Saliva as an alternative source of high yield canine genomic DNA for genotyping studies
© Mitsouras et al; licensee BioMed Central Ltd. 2009
Received: 09 July 2009
Accepted: 29 October 2009
Published: 29 October 2009
The domestic dog presents an attractive model system for the study of the genetic basis of disease. The development of resources such as the canine genome sequence and SNP genotyping platforms has allowed for the implementation of canine genetic studies. Successful implementation of such studies depends not only on the quality of individual DNA samples, but also on the number of samples obtained. The latter can be maximized using a non-invasive DNA collection method that can increase study participation. We compared the DNA yield and quality obtained from blood and buccal swabs to those obtained using a non-invasive saliva collection kit (Oragene ®•ANIMAL kit). We also assessed the success rate of PCR amplification and genotyping accuracy of DNA isolated using these collection methods.

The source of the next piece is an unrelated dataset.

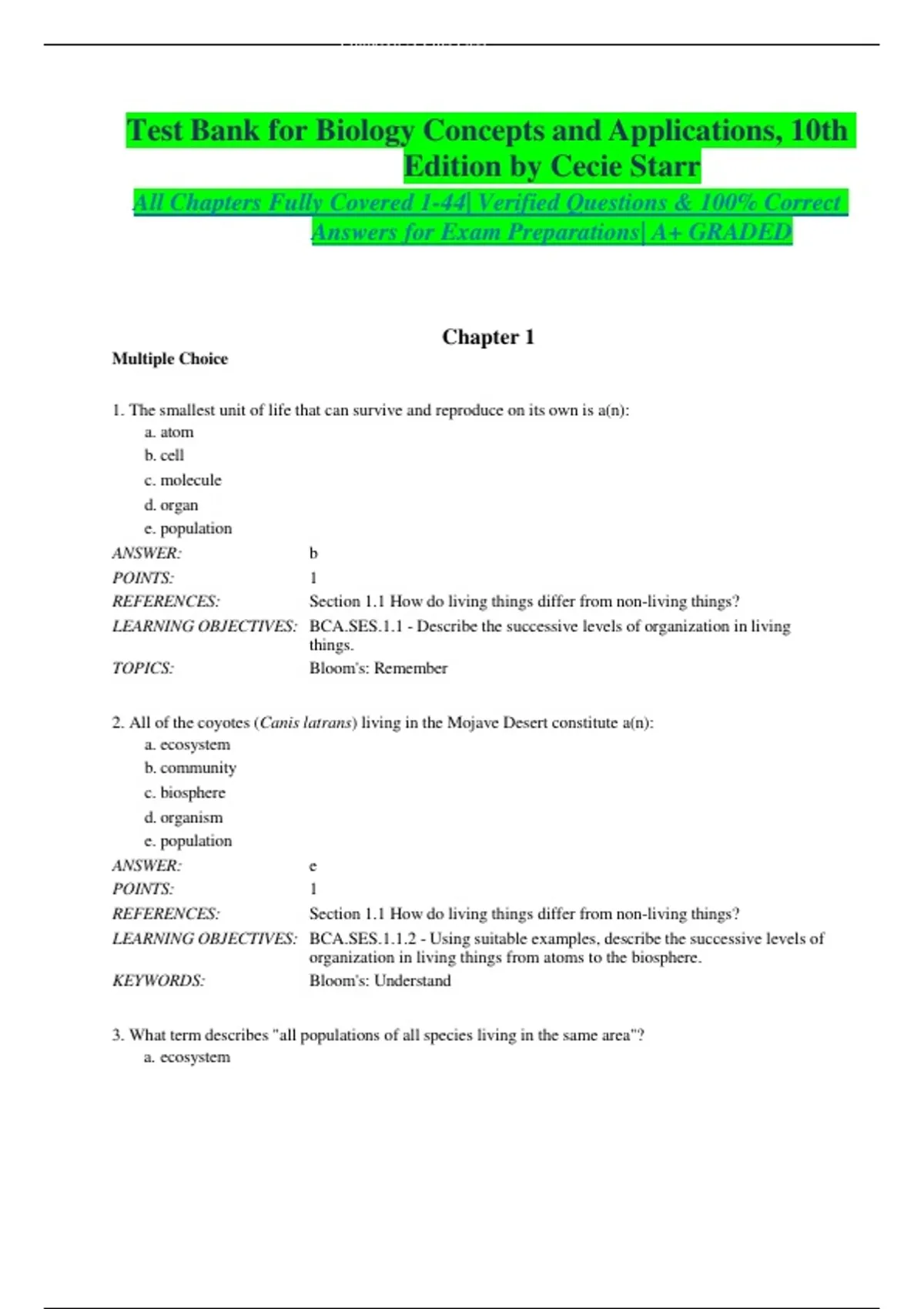 Test Bank for Biology Concepts and Applications, 10th

Comparison of DNA yields from matched saliva, blood and buccal swab samples showed that yields from saliva were significantly higher than those from blood (p = 0.0198) or buccal swabs (p = 0.0008). Electrophoretic analysis revealed that blood and saliva produced higher quality DNA than buccal swabs. In addition, a 1.1-kb PCR fragment was successfully amplified using the paired DNA samples and genotyping by PCR-RFLP yielded identical results.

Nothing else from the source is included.